Now that we have learned the necessary operations, we can understand the operations of the regression function. If you would like to build your own regression module, reconstruct the scripts form Chapter 7. In this lesson, we will use the statsmodels OLS method to reconstruct and compare statistics from an OLS regression. 

Recall that we estimate the vector of beta parameters for each variable with the equation:

$\beta = (X'X)^{-1}X'Y$

Each estimated $\beta$ value is multiplied by each observation of the relevant exogenous variable estimate the effect of the value on the endogenous, $Y$, value.

We will run a regression In order to estimate the parameters, we will need to import data, define the dependent variable and independent variables, and transform these into matrix objects. 

Let's use the data from chapter 6 with the addition real GDP per capita. This combined set of data is saved in the repository as a file created in chapter 8.

In [None]:
# We now can use this linear algebra to calculate the betas in our regression. 

# Now we will import data and run a regression

In [None]:
import pandas as pd
import statsmodels.api as sm

# download madison economic data from the source document. This GDP data goes back far
# to virtually the beginning of recorded economics
mgdp = pd.read_excel(
    "https://www.rug.nl/ggdc/historicaldevelopment/maddison/data/mpd2020.xlsx",
                    index_col = [0,2],
                    parse_dates = True,
                    sheet_name = "Full data")
mgdp

In [None]:
# use the excel file that we downloaded previously on the economic freedom of the world
# 2022 master data. We are planning to incorporate the above data into this EFOTW data

# make sure to parse_dates so that pandas recognizes dates correctly


filename = "efotw-2022-master-index-data-for-researchers-iso.xlsx"
data = pd.read_excel(filename,
                    index_col = [2,0],
                     header = [0],
                     sheet_name = "EFW Panel Data 2022 Report")


data

In [None]:
# transform names so that they are more easily understandable. We have done this before in 
# previous lessons

rename = {"Panel Data Summary Index": "Summary",
         "Area 1":"Size of Government",
         "Area 2":"Legal System and Property Rights",
         "Area 3":"Sound Money",
         "Area 4":"Freedom to Trade Internationally",
         "Area 5":"Regulation"}

# this will drop all rows with only null values and rename columns based on the above 

data = data.dropna(how="all", axis = 1).rename(columns = rename)
data

In [None]:
# we now concatenate the mgdp data into the 
data["RGDP Per Capita"] = mgdp["gdppc"]
data

In [None]:
# delete standard deviation column
del  data["Standard Deviation of the 5 EFW Areas"]

In [None]:
data

In [None]:
data.reset_index(inplace = True)
data["Year"] = data["Year"].astype(str).astype("datetime64[ns]").sort_index()
data = data.set_index(["ISO_Code_3", "Year"]).sort_index()
data

In [None]:
years = np.array(sorted(list(set(data.index.get_level_values("Year")))))
years = pd.date_range(years[0], years[-2], freq = "AS")
countries = sorted(list(set(data.index.get_level_values("ISO_Code_3"))))
index_names = list(data.index.names)
multi_index = pd.MultiIndex.from_product([countries, years[:-1]], names = data.index.names)
data = data.reindex(multi_index)
data

In [None]:
# we now save this file in an excel file
data.to_excel("EFWAndRGDP.xls")

In [None]:
# inspect the keys of this file
data.keys()

In [None]:
# select subset for analysis
data = data[data.keys()[3:]]
data

In [None]:
# sort data in the by the index columns (previously defined first as iso code second as year)

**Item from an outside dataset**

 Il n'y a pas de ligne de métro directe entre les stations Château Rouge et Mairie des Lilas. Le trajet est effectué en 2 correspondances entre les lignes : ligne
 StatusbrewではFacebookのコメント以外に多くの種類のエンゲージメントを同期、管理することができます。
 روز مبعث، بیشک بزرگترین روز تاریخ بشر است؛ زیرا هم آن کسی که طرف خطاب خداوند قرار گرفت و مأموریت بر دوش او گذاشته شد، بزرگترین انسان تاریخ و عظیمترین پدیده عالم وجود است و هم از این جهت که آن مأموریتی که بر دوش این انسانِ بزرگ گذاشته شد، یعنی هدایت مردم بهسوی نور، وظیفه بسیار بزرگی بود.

# it is possible to transform to datetime, but we did not cover it in this lesson. 
# contact Dr. Caton for more assistance

data.sort_index(inplace = True)
data

In [None]:
reg_vars = list(data.keys())
reg_vars

In [None]:
# separate columns for analysis. We are using Real GDP per capita as our basis for Y in this analysis

reg_data = data[reg_vars].dropna()
y_var = [reg_vars[-1]]
x_vars = reg_vars[2:-1]
y_var, x_vars

In [None]:
# already imported statsmodel.api

# set x and y variables as well as add constant
y = reg_data[y_var]
X = reg_data[x_vars]
X["Constant"] = 1
results = sm.OLS(y, X).fit()

# X.values is a matrix

In [None]:
# create a summary by using results.summary() to view normal regression

results.summary()

In [None]:
#use predictor to develop a prediction

predictor = results.predict()


# add a column for predicted value based on regression
reg_data[y_var[0] + " Predictor"] = predictor
reg_data

In [None]:
# Caluculate SSE, SSR, & SST
# SSE = sum square errors, SSR = sum squared from regression, SST = total sum squares


# convert these to name[0] for this next analysis. Make sure all data has same number of rows.

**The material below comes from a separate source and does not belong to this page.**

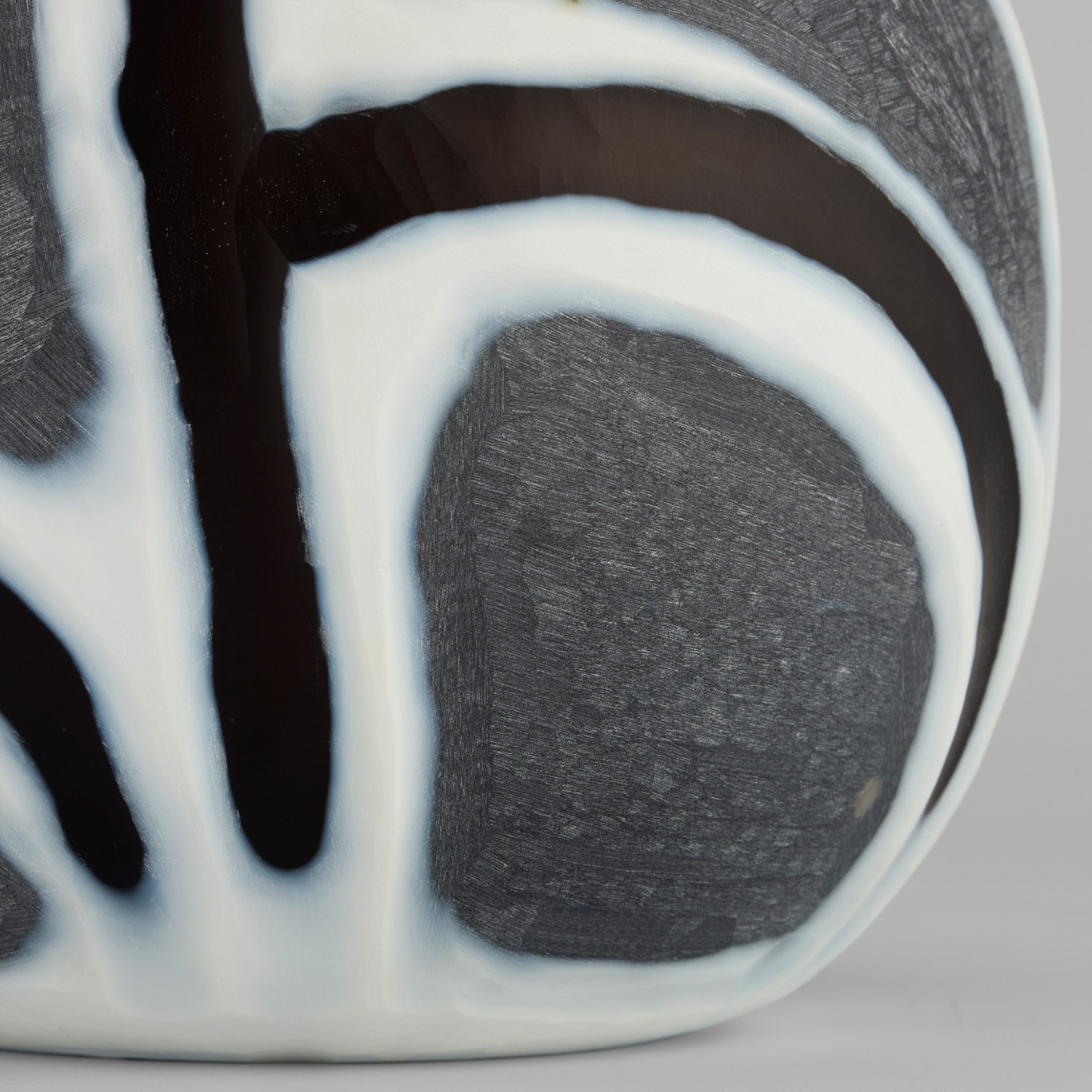 The Calle Vases feature a distinctive tribal-inspired design, crafted from three layers of cased glass in black, white, and gray. Sandblasting and etching techniques add depth, texture, and color variations, making each piece a striking blend of artistry and craftsmanship. Offered in various sizes, these vases make an eye-catching arrangement when paired.
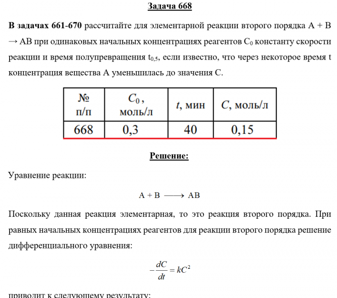 Задача 668 - рассчитайте для элементарной реакции второго порядка А + В → АВ при одинаковых начальных концентрациях реагентов С0 константу скорости реакции и время полупревращения t0,5, если известно, что через некоторое время t концентрация вещества

y_hat = reg_data[y_var[0] + " Predictor"]
y_mean = reg_data[y_var[0]].mean()
y = reg_data[y_var[0]]

In [None]:
# calculate residuals by subtracting prediction from actual
reg_data["Residuals"] = (y.sub(y_hat))
reg_data["Squared Explained"] = y_hat.sub(y_mean).pow(2)
reg_data["Squared Residuals"] = y.sub(y_hat).pow(2)
reg_data["Squared Totals"] = y.sub(y_mean).pow(2)

reg_data

In [None]:
# Take sums of columns so we can caluclate the SSR, SSE, and SST

SSR = reg_data["Squared Explained"].sum()
SSE = reg_data["Squared Residuals"].sum()
SST = reg_data["Squared Totals"].sum()
SSR, SSE, SST

# Calculate Estimator Variance 
With the sum of squared errors calculated, the next step is to calculate the estimator variance and use this to construct the covariance matrix. The covariance matrix is used to derive the standard errors and related statistics for each estimated coefficient.

We estimate the variance of the error term of the estimator for the dependent variable. 

$\sigma^2 = \frac{SSE}{n-k}$

$n = $number of observations

$k = $number of independent variables

An increase in the number of exogenous variables tends ot increase the fit of a model. By dividing the $SSE$ by degrees of freedom, $n-k$ , improvements in fit that result from increases in the number of variables are offset in part by a reduction in degrees of freedom. 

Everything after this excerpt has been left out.